Calloway Co. board approves working budget that's likely to change, while superintendent says he is asking administrators to study ways the district can "live leaner and be as efficient as we can"

Ledger & Times, Murray, Sept. 15, 2017

Calloway County Board of Education approves working budget for ‘18 year

By Jordan Ferguson

In light of proposed cuts at the state level, the Calloway County School District passed a working budget Thursday night during their regular monthly meeting at Calloway County High School.

Calloway County Superintendent Tres Settle said a budget for the 2018 fiscal year must be submitted by Sept. 30, but that proposed reductions to Kentucky’s Department of Education would not be known until Sept. 25. In light of this information, he asked the board to approve a working budget on the understanding that it would likely need to be amended in the near future.

“I am asking tonight for you to pass the working budget that you have before you,” Settle said. “It is no different than the tentative budget that we discussed a couple months back. I received information late last week that (Kentucky Governor Matt Bevin) had ordered a 17.4 percent reduction from a myriad of state agencies, and one of those was the Kentucky Department of Education. In that same notice, I was informed that our SEEK funding would not be touched, or I was promised that it would not be touched, but that doesn’t really mean anything to me and it shouldn’t mean anything to you as far as the tentative budget goes because any cut in education impacts the bottom line. When you don’t cut from one area but you cut from another, then you have to use these monies to cover those monies and it is a trickle-down effect.

“By statute we have to, as a board, give the state our budget by Sept. 30. However, I won’t know what KDE’s cuts are until Sept. 25. Therefore I can’t make any changes to my working budget until I know what the commissioner is going to do. So to be in compliance, I am asking you to pass a working budget that is likely to change at some point in the near future when I get more information.”

Settle commented on the current pension issue that has been at the forefront of many teachers’ minds recently.
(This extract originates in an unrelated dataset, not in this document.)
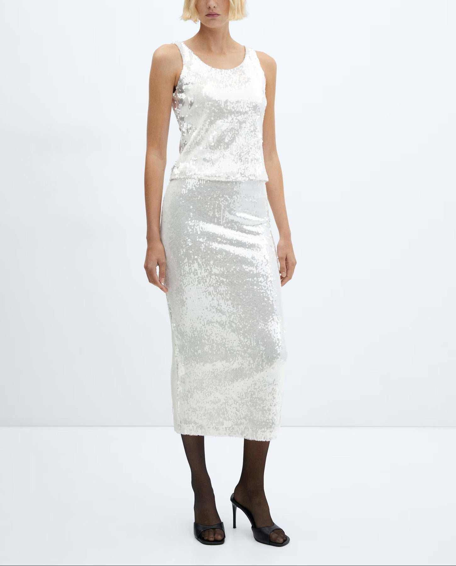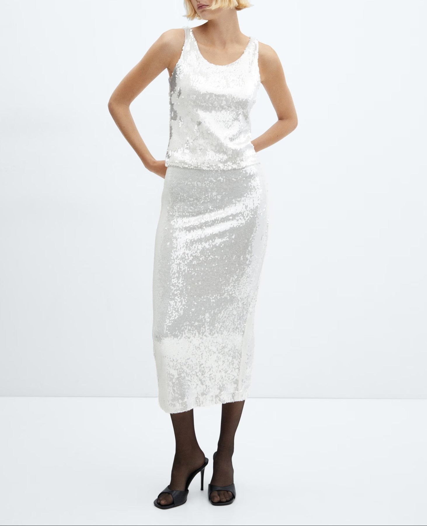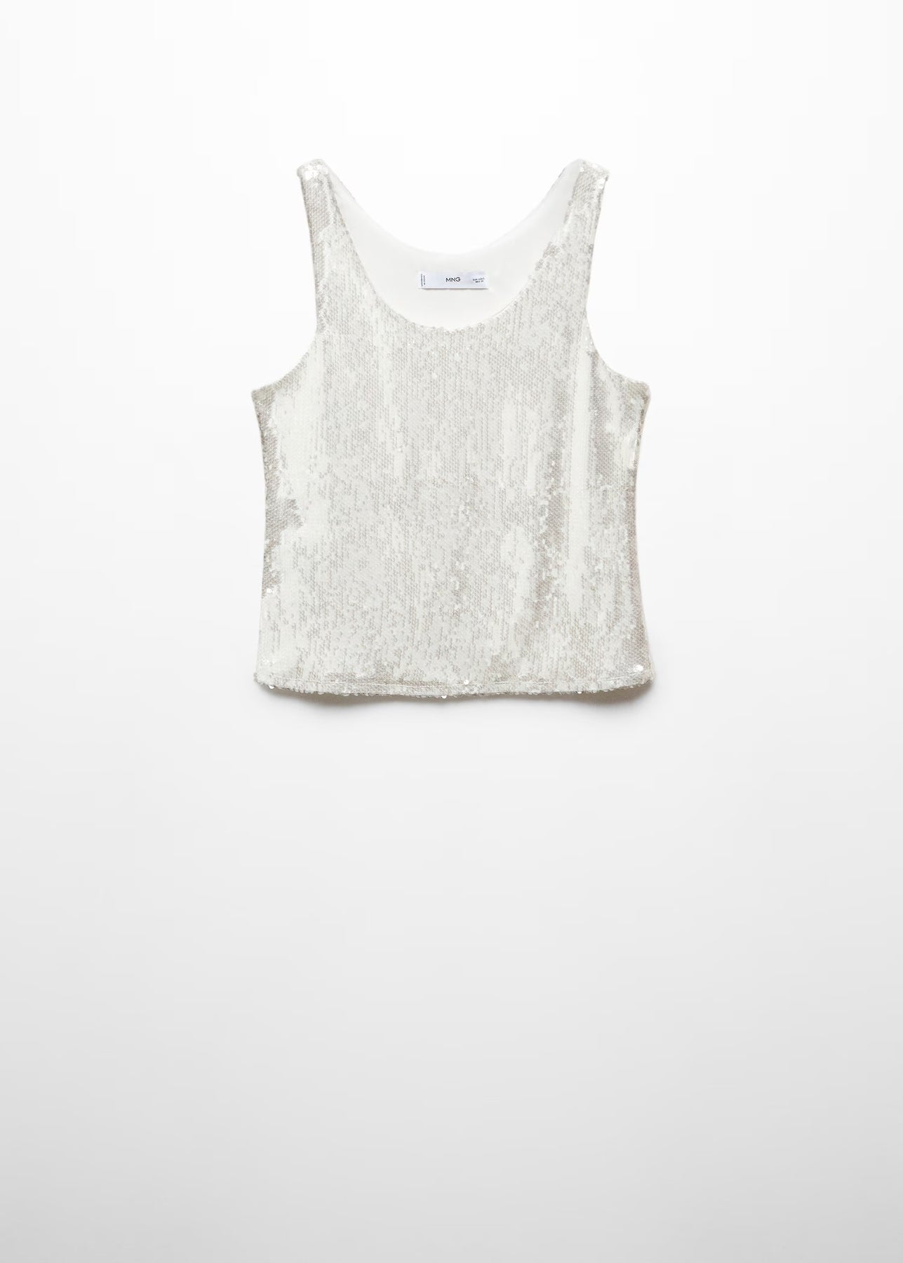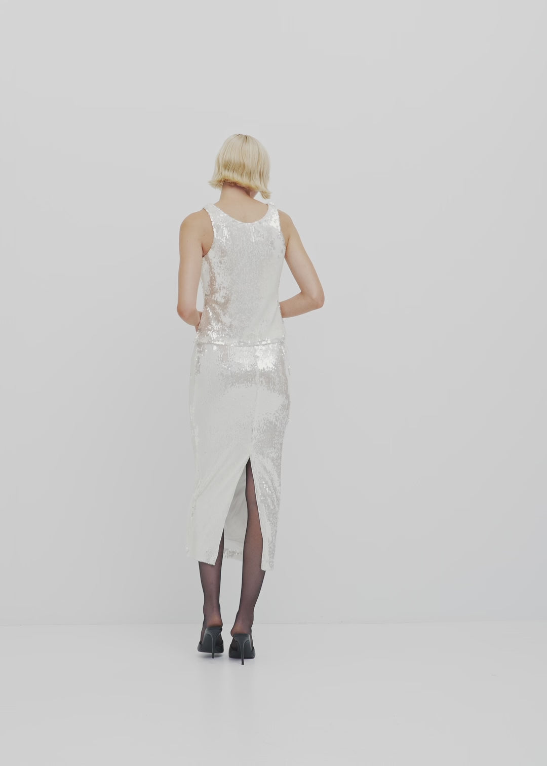 Tejido de lentejuelas. Diseño recto. Cuello redondo. Sin mangas. Tirantes anchos. Sin cierre. Forro interior. Total look. Colección fiesta y ceremonia.

The issue was even brought to the attention of the board by Gwenda Wilhelm and Noraa Ransey, the president and secretary, respectively, of the Calloway County Education Association. Settle said the situation in Frankfort has many people feeling stressed.

“It is a very frustrating time, not only with our pension issues at hand, but we have lots of things going on in Frankfort right now, and lots of tough decisions that are going to have to be made,” Settle said.
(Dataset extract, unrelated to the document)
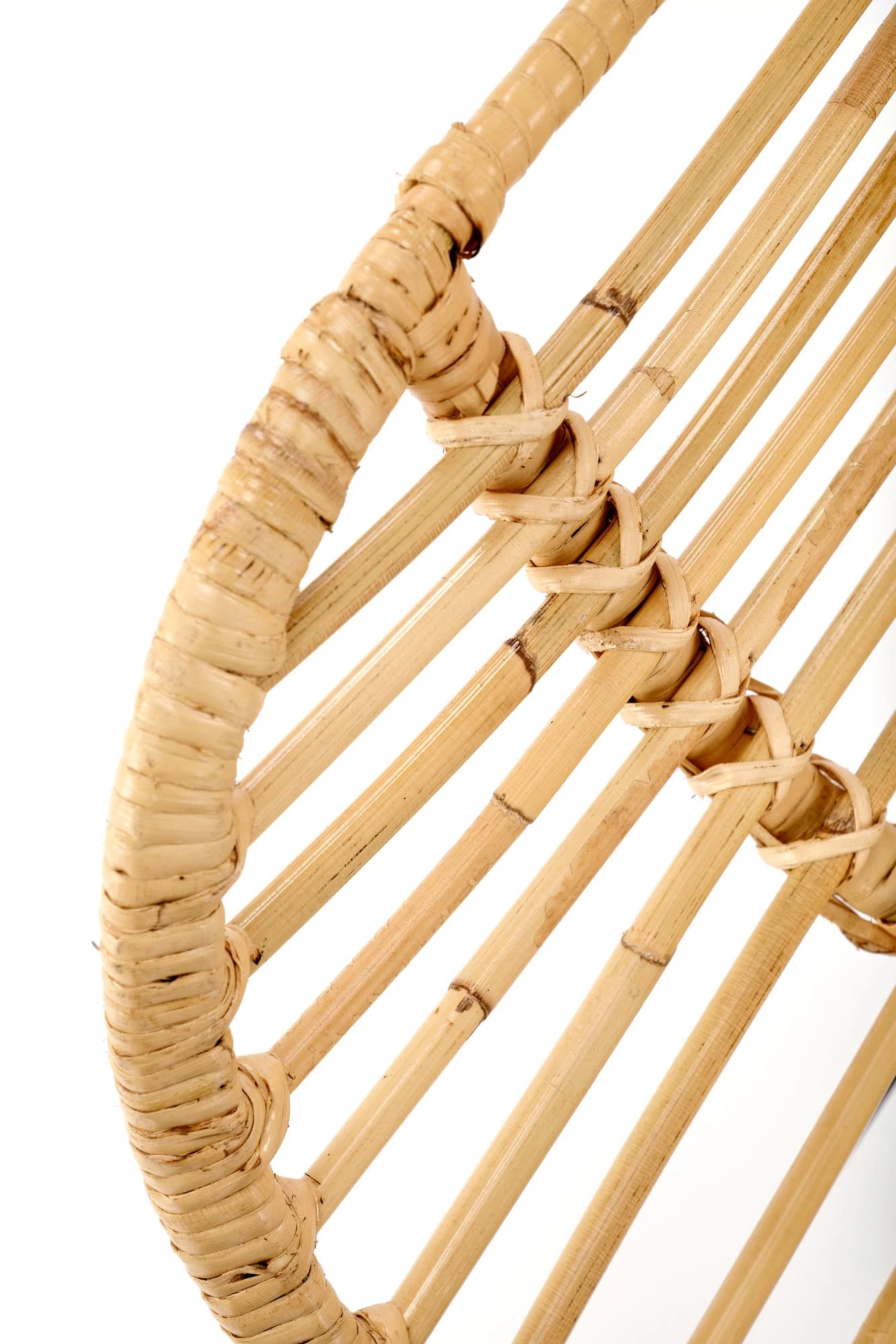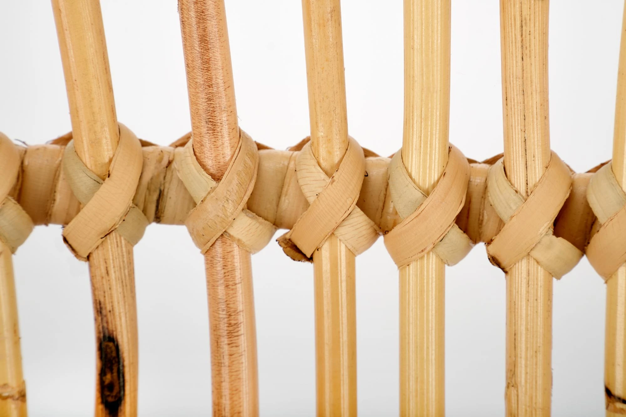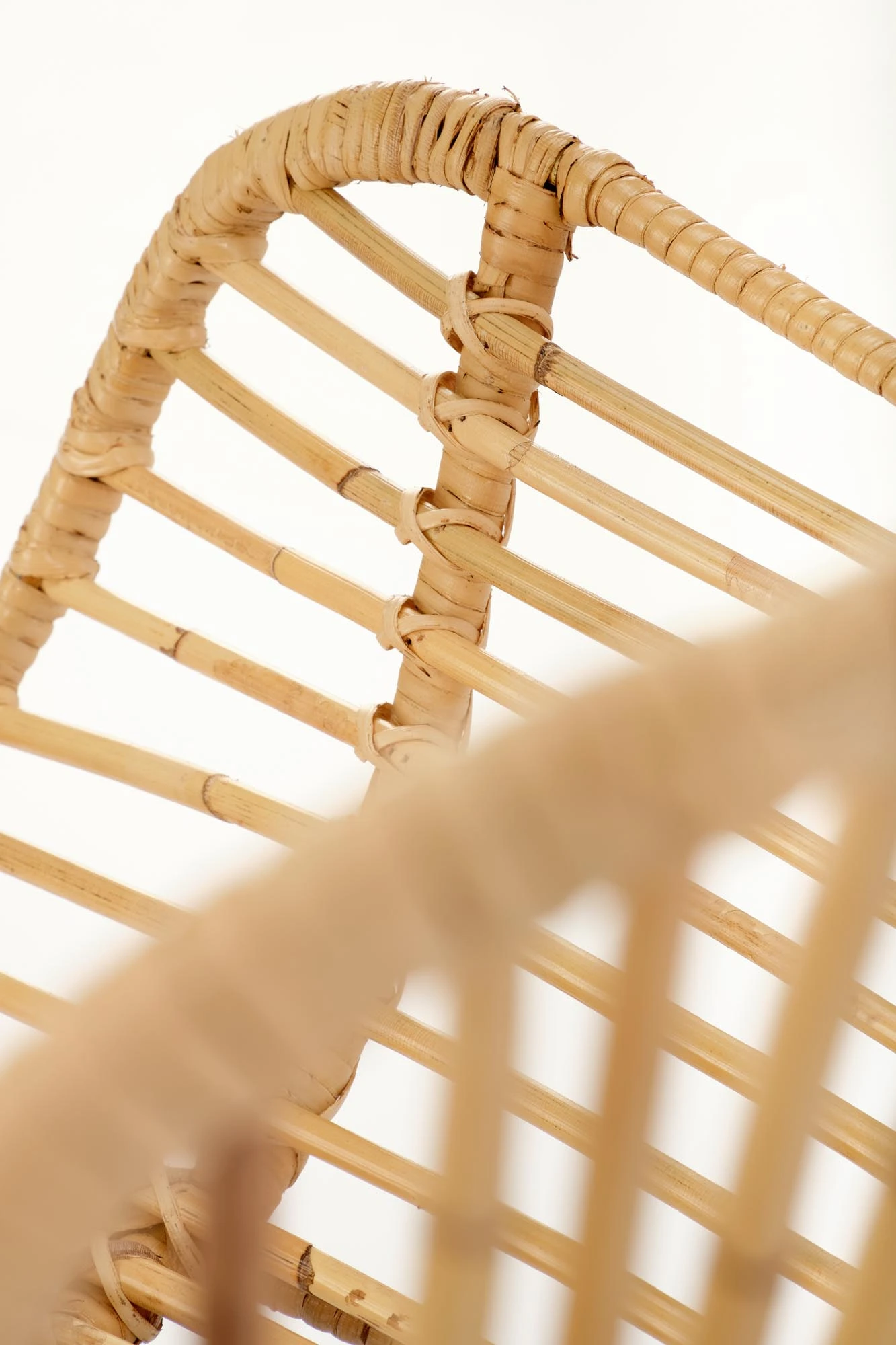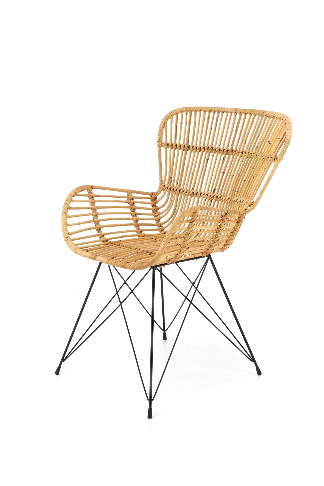 Rattan naturalny nadaje lekkości krzesłu oraz jest materiałem ekologicznym. Rattan dobrze znosi zewnętrzne warunki atmosferyczne aczkolwiek nie zalecane jest pozostawienie krzesła na zewnątrz ze względu na metalową konstrukcję.

“Unfortunately for us, as a local board, we just passed a 4 percent increase in our taxes last month; this keeps getting pushed down to the local level. What I am hearing is, ‘We are going to do this without raising any taxes.’ Well, when you don’t send money down from the state level to local districts, they have no choice but to raise local taxes. That comes back and falls on you. So it is a very frustrating cycle that continues to be, and we will just do the best we can.”

The need for the district to come up with ways to make dollars go further was brought up again in Settle’s report toward the end of the meeting. He said he and school administrators in the district would be meeting to discuss ways for the district to live leaner.

“We will be beginning a new book study together as administrators, this year focused on teamwork and team building,” Settle said. “It is timely because I will probably share some information with them tomorrow that will get us started right off on our mission of teamwork in that we will have to find out how we are going to live by slimmer means.

“Somehow, this 17.4 percent cut will trickle down to us and it will affect our programs. We just don’t know where they are yet. But I will be relying on my administrators to give me guidance on how we can live leaner and be as efficient as we can, and as frugal with taxpayer dollars as we can. This board made a difficult decision not a year ago when we cut $800,000 out of our budget. It is going to get very tough again to find the kind of money that they may be talking about.”